**Prompt:** Exact reproduction, images excluded: write out the records below.

** Provided records follows **

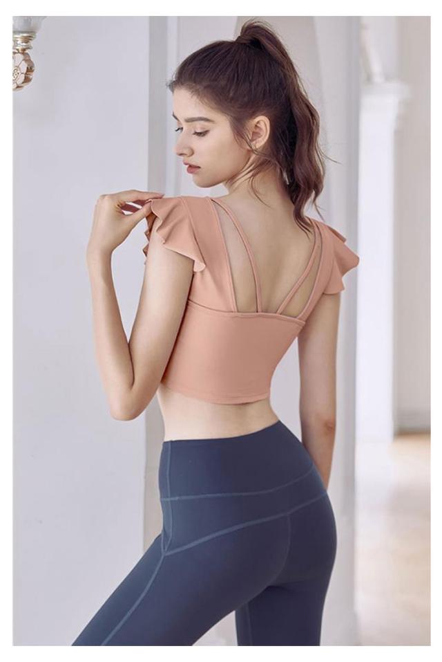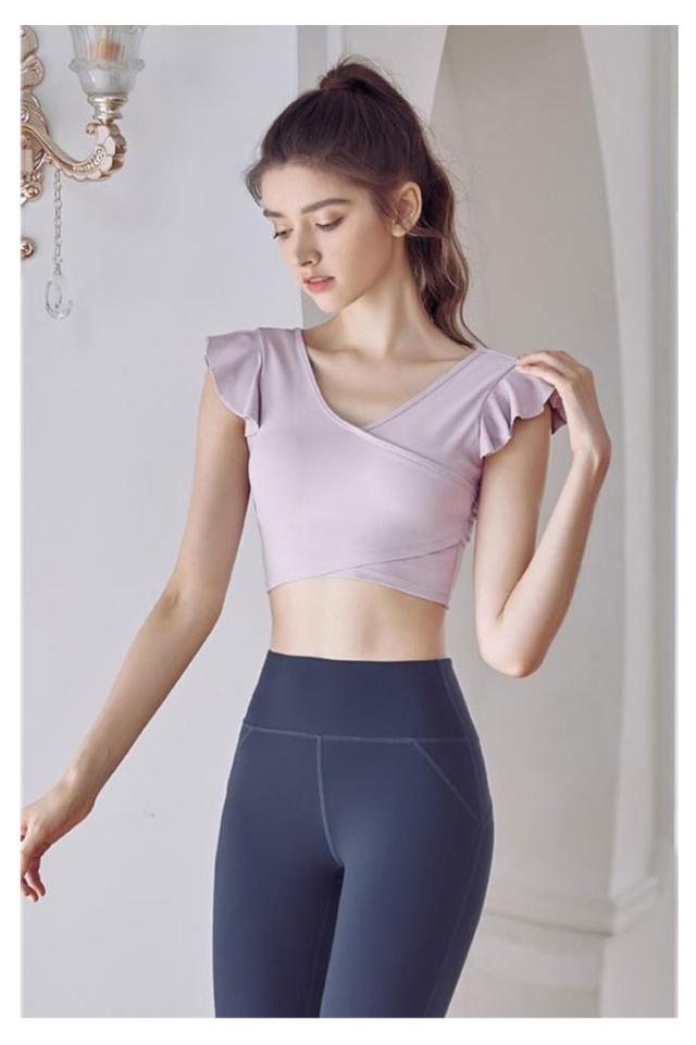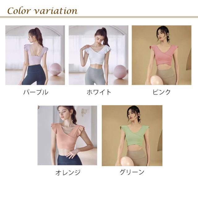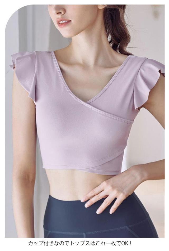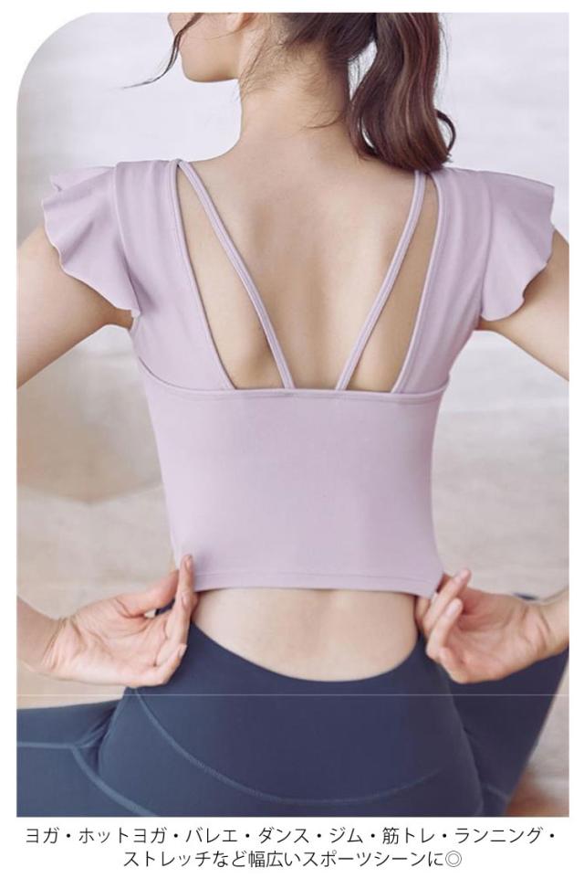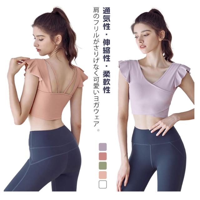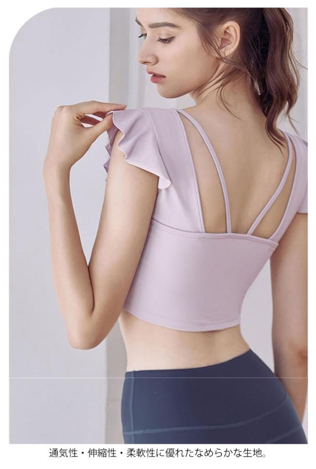 ヨガウェア トップス レディース 半袖ヨガトップス カップ付き ピラティス ウェア ショート丈 かわいい フリル へそ出し 伸縮性 パッド付き 無地 シンプル スポーツウェア フィットネス ホットヨガ ジムウェア ダンス トレーニング ウェア
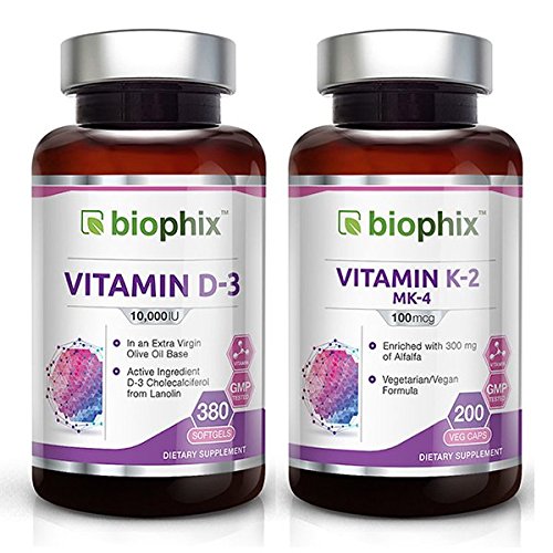 -. Binding : Health and Beauty -. Brand : biophix -. EAN : 0849440003185 -. Feature : Manufactured to the Highest Quality Available / Satisfaction Ensured / Great Gift Idea -. Label : Biophix -. LegalDisclaimer : This information is intended for your general knowledge only and is not substitute for professional medical advice or treatment for specific medical conditions. This information is not intended to diagnose, treat, cure or prevent any disease. Always seek the advice of your qualified physician or other health care provider with any questions you may have regarding a medical condition. Keep out of reach of children. -. Manufacturer : Biophix -. MPN : 0849440003185 -. NumberOfItems : 1 -. PackageQuantity : 1 -. PartNumber : 0849440003185 -. ProductGroup : Health and Beauty -. ProductTypeName : HEALTH_PERSONAL_CARE -. Publisher : Biophix -. Studio : Biophix -. Title : D-3 10,000 IU 380 Softgels - Vitamin K-2 100 mcg 200 Caps Pack - Olive Oil Strong Bones Immune Health Support for K-2 -. UPC : 849440003185
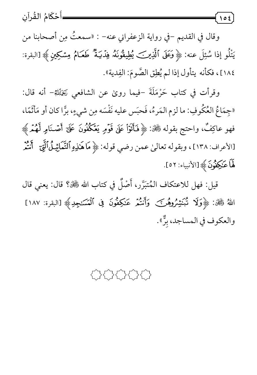 قيل: فهل للاعتكاف المُتبَرَّر، أَصْلٌ في كتاب الله - عز وجل -؟ قال: يعني قال اللهُ - عز وجل -: {وَلَا تُبَاشِرُوهُنَّ وَأَنْتُمْ عَاكِفُونَ فِي الْمَسَاجِدِ} [البقرة: ١٨٧] والعكوف في المساجد، بِرٌّ».
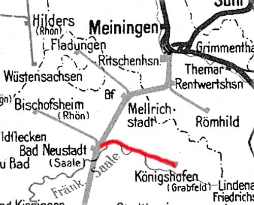 Bad Neustadt (Saale) 0,0 km 38,76 der Strecke Schweinfurt Hbf 0,0 - Bad Neustadt (Saale) 38,76 - Mühlfeld 57,10 Streckenunterbrechung Grenze BRD/DDR - Rentwertshausen 63,17 - Meiningen 77,90
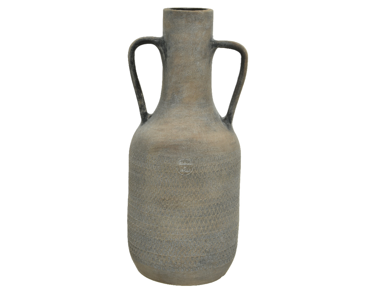 Vase Terracotta With Two Hands Dark Brown
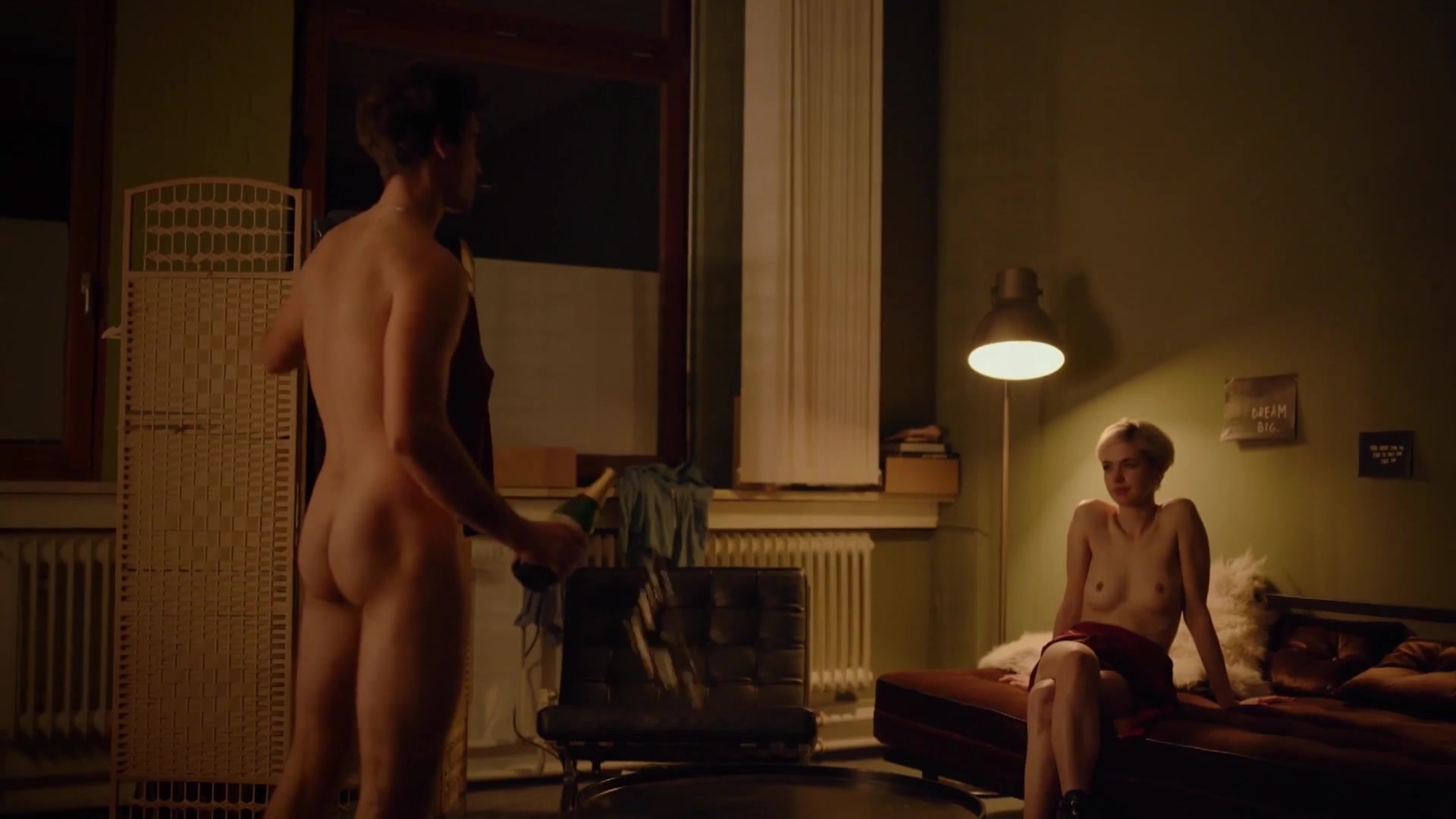 Vivien König: Appears in multiple nude scenes, including topless moments in a park, a full-frontal shower scene with imagined erotic dancing and kissing, and a detailed sequence where she is topless, requesting nipple kissing and receiving cunnilingus, followed by standing full-frontal nude. Additional topless shots occur as she recalls earlier scenes.
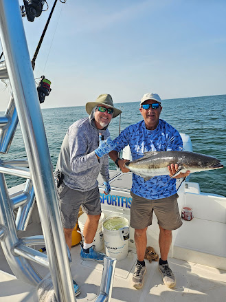 We've been fishing with Capt. Kenny for 9 years and never got skunked. If he's not catching, no one is. It was getting late, and Kenny decided to move closer to the shoreline. About 4:20 in the afternoon, not long before we would be heading in, he spotted a bait ball of Menhaden and blind-casted a live Croaker under the bait. Within seconds the line went tight, and the fight was on. The fish came in at 39 inches, one inch shy of the limit. But we at least kept the streak going.
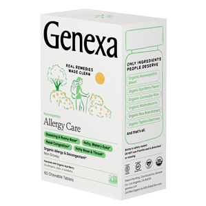 Genexa Allergy Care is a real remedy, made clean - addressing symptoms associated with hay fever or other respiratory allergies*. Each chewable tablet has the same healing ingredients you need (organic homeopathic blend), but without the artificial ones you don’t (artificial dyes, common allergens, parabens). Founded by two dads on a mission to clean up the medicine aisle, Genexa only uses clean ingredients to make certified organic, gluten-free, non-GMO homeopathic medicines. It’s what people deserve.
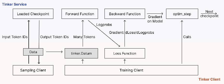 Tinker is structured into two main components: (1) Tinker (core) — the low-level framework for model training and sampling. (2) Tinker Cookbook — a set of ready-to-use recipes and examples. For newcomers, I highly recommend reading this official article, which clearly explains Tinker’s foundational ideas.
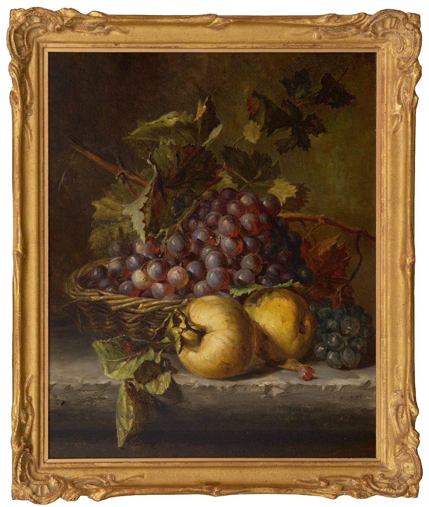 Adriana Haanen Kunstwerk • Gemälde • zu verkaufen Stilleben mit Trauben in einem Weidenkorb
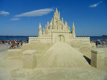 Keywords: sand sculpture beach sky sun design scene peaceful castle artistic skill patience
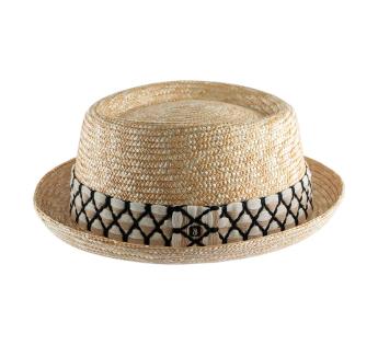 Als je op zoek bent naar een verfijnde hoed met een vleugje originaliteit, is deze porkpie van stro een uitzonderlijke keuze. De verfijnde galon, gemaakt van een assemblage van delicaat gestikte veters, vormt een elegant patroon van zwarte ruiten. Een minutieus werk dat diepte toevoegt en de iconische silhouette van dit tijdloze model subtiel benadrukt.
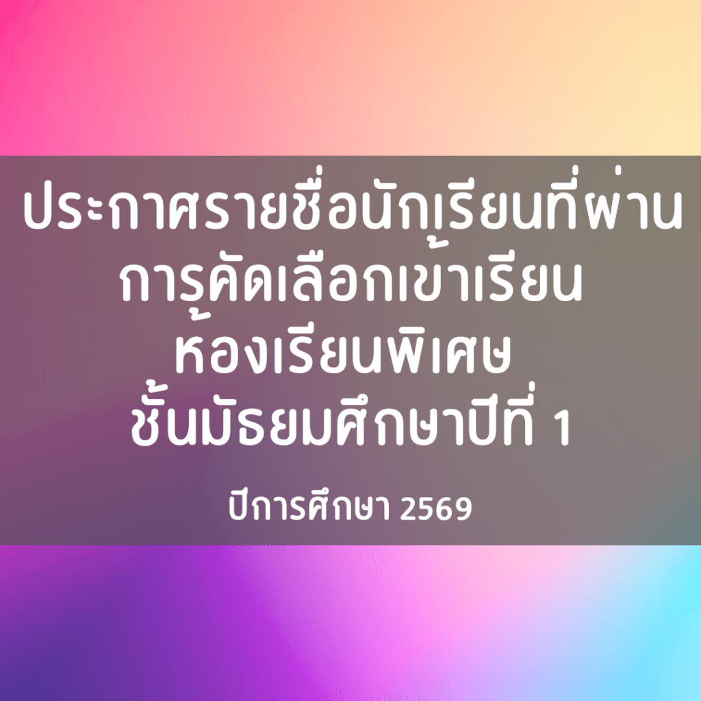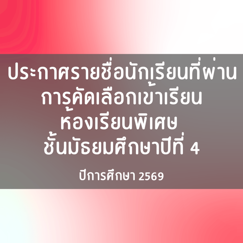 ประกาศรายชื่อนักเรียน ม.4 ห้องเรียนพิเศษ ปีการศึกษา 2569
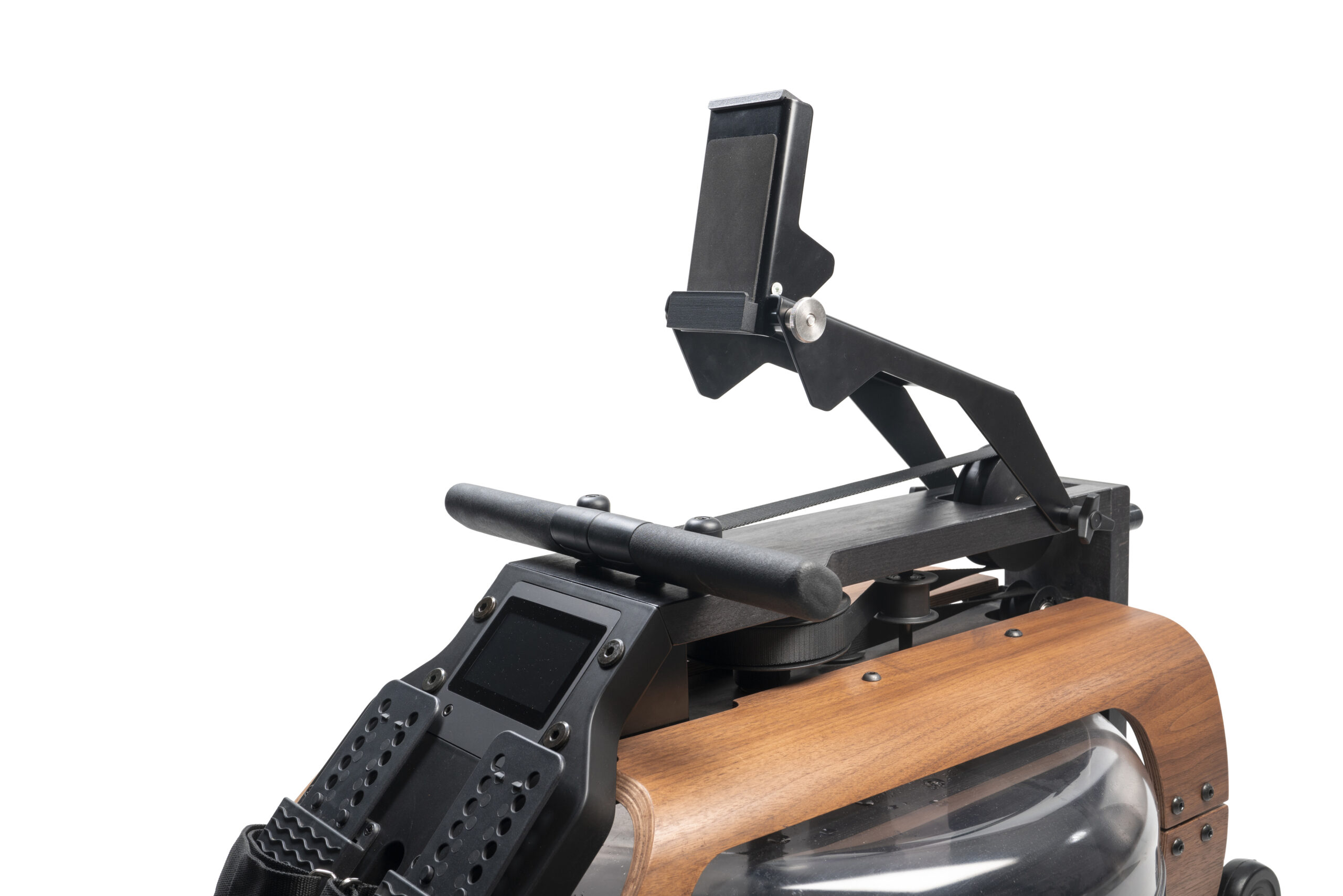 De tablethouder is in hoogte en hoek verstelbaar. Als je de roeier niet gebruikt, kun je hem inklappen en opbergen.

** End of Provided records **

**Exercise answer:**
 ヨガウェア トップス レディース 半袖ヨガトップス カップ付き ピラティス ウェア ショート丈 かわいい フリル へそ出し 伸縮性 パッド付き 無地 シンプル スポーツウェア フィットネス ホットヨガ ジムウェア ダンス トレーニング ウェア
 -. Binding : Health and Beauty -. Brand : biophix -. EAN : 0849440003185 -. Feature : Manufactured to the Highest Quality Available / Satisfaction Ensured / Great Gift Idea -. Label : Biophix -. LegalDisclaimer : This information is intended for your general knowledge only and is not substitute for professional medical advice or treatment for specific medical conditions. This information is not intended to diagnose, treat, cure or prevent any disease. Always seek the advice of your qualified physician or other health care provider with any questions you may have regarding a medical condition. Keep out of reach of children. -. Manufacturer : Biophix -. MPN : 0849440003185 -. NumberOfItems : 1 -. PackageQuantity : 1 -. PartNumber : 0849440003185 -. ProductGroup : Health and Beauty -. ProductTypeName : HEALTH_PERSONAL_CARE -. Publisher : Biophix -. Studio : Biophix -. Title : D-3 10,000 IU 380 Softgels - Vitamin K-2 100 mcg 200 Caps Pack - Olive Oil Strong Bones Immune Health Support for K-2 -. UPC : 849440003185
 قيل: فهل للاعتكاف المُتبَرَّر، أَصْلٌ في كتاب الله - عز وجل -؟ قال: يعني قال اللهُ - عز وجل -: {وَلَا تُبَاشِرُوهُنَّ وَأَنْتُمْ عَاكِفُونَ فِي الْمَسَاجِدِ} [البقرة: ١٨٧] والعكوف في المساجد، بِرٌّ».
 Bad Neustadt (Saale) 0,0 km 38,76 der Strecke Schweinfurt Hbf 0,0 - Bad Neustadt (Saale) 38,76 - Mühlfeld 57,10 Streckenunterbrechung Grenze BRD/DDR - Rentwertshausen 63,17 - Meiningen 77,90
 Vase Terracotta With Two Hands Dark Brown
 Vivien König: Appears in multiple nude scenes, including topless moments in a park, a full-frontal shower scene with imagined erotic dancing and kissing, and a detailed sequence where she is topless, requesting nipple kissing and receiving cunnilingus, followed by standing full-frontal nude. Additional topless shots occur as she recalls earlier scenes.
 We've been fishing with Capt. Kenny for 9 years and never got skunked. If he's not catching, no one is. It was getting late, and Kenny decided to move closer to the shoreline. About 4:20 in the afternoon, not long before we would be heading in, he spotted a bait ball of Menhaden and blind-casted a live Croaker under the bait. Within seconds the line went tight, and the fight was on. The fish came in at 39 inches, one inch shy of the limit. But we at least kept the streak going.
 Genexa Allergy Care is a real remedy, made clean - addressing symptoms associated with hay fever or other respiratory allergies*. Each chewable tablet has the same healing ingredients you need (organic homeopathic blend), but without the artificial ones you don’t (artificial dyes, common allergens, parabens). Founded by two dads on a mission to clean up the medicine aisle, Genexa only uses clean ingredients to make certified organic, gluten-free, non-GMO homeopathic medicines. It’s what people deserve.
 Tinker is structured into two main components: (1) Tinker (core) — the low-level framework for model training and sampling. (2) Tinker Cookbook — a set of ready-to-use recipes and examples. For newcomers, I highly recommend reading this official article, which clearly explains Tinker’s foundational ideas.
 Adriana Haanen Kunstwerk • Gemälde • zu verkaufen Stilleben mit Trauben in einem Weidenkorb
 Keywords: sand sculpture beach sky sun design scene peaceful castle artistic skill patience
 Als je op zoek bent naar een verfijnde hoed met een vleugje originaliteit, is deze porkpie van stro een uitzonderlijke keuze. De verfijnde galon, gemaakt van een assemblage van delicaat gestikte veters, vormt een elegant patroon van zwarte ruiten. Een minutieus werk dat diepte toevoegt en de iconische silhouette van dit tijdloze model subtiel benadrukt.
 ประกาศรายชื่อนักเรียน ม.4 ห้องเรียนพิเศษ ปีการศึกษา 2569
 De tablethouder is in hoogte en hoek verstelbaar. Als je de roeier niet gebruikt, kun je hem inklappen en opbergen.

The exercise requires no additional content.